Only the lines from the one that contains "Trick or Treat" through the last line of the data below should be duplicated, exactly and without pictures.

SUPPLIED MATERIAL:

"""

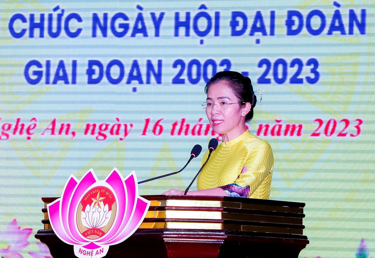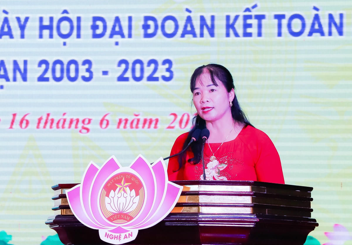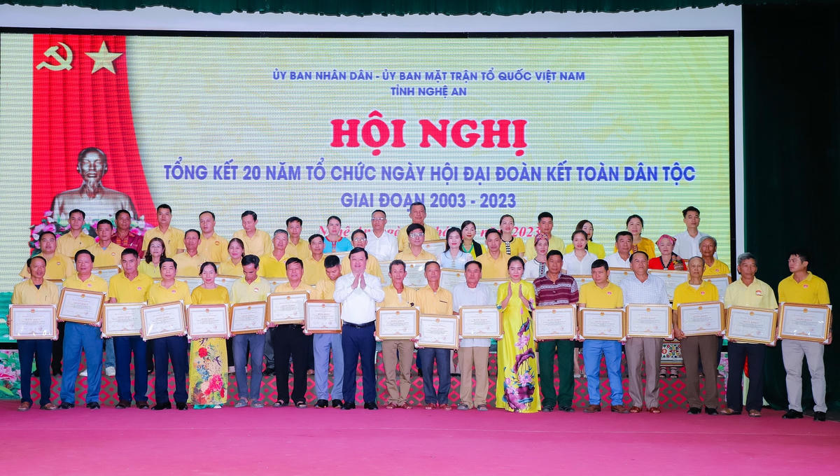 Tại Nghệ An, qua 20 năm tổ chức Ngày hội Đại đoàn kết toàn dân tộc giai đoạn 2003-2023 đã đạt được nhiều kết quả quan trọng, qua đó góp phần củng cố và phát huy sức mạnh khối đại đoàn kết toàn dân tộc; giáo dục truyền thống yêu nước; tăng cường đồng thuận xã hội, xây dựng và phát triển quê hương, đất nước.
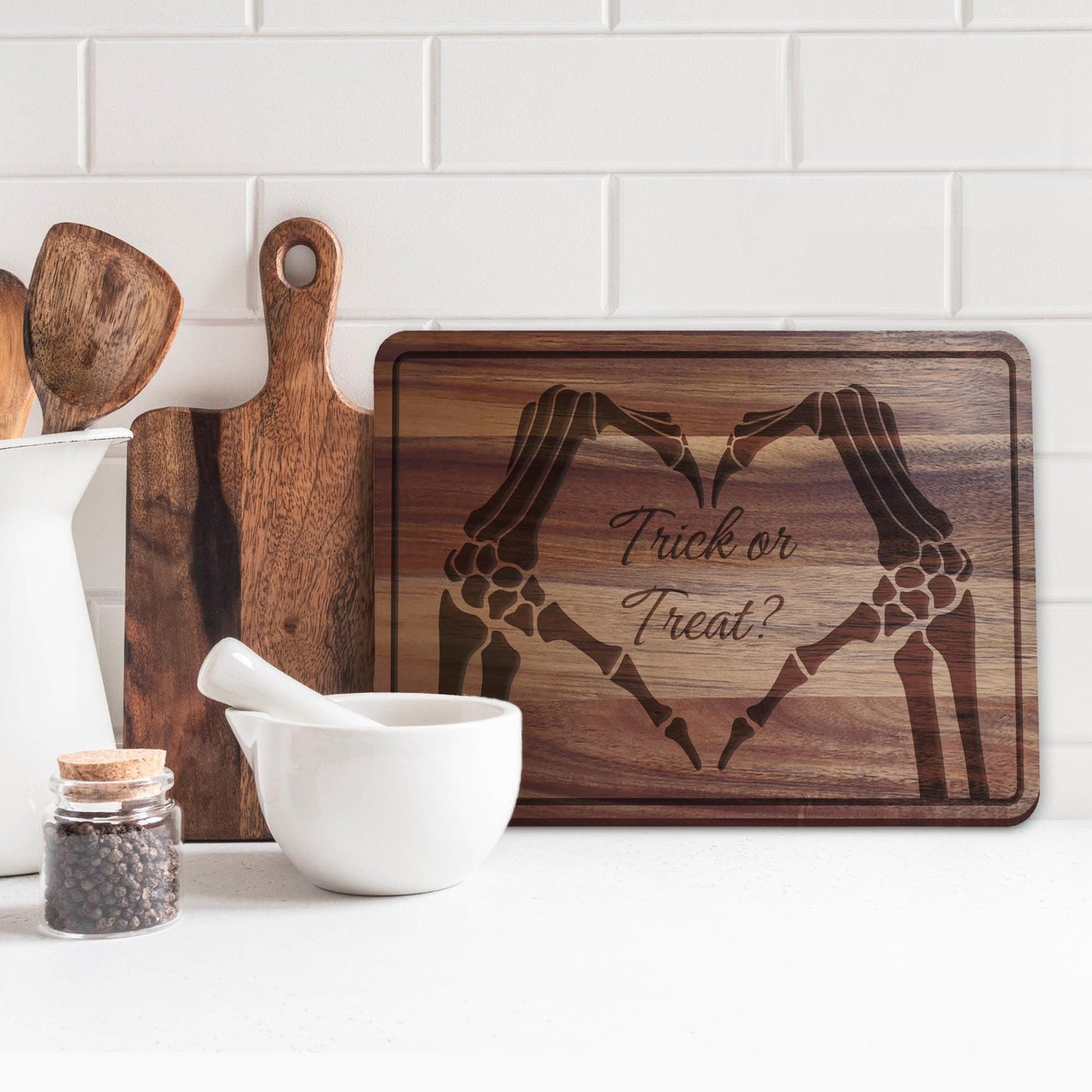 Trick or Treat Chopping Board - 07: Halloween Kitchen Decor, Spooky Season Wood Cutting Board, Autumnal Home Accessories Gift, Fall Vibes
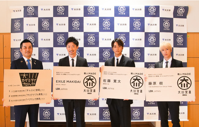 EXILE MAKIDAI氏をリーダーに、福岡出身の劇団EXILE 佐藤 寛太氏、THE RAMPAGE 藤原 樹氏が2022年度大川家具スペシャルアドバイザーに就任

"""

WRITTEN SOLUTION:
 Trick or Treat Chopping Board - 07: Halloween Kitchen Decor, Spooky Season Wood Cutting Board, Autumnal Home Accessories Gift, Fall Vibes
 EXILE MAKIDAI氏をリーダーに、福岡出身の劇団EXILE 佐藤 寛太氏、THE RAMPAGE 藤原 樹氏が2022年度大川家具スペシャルアドバイザーに就任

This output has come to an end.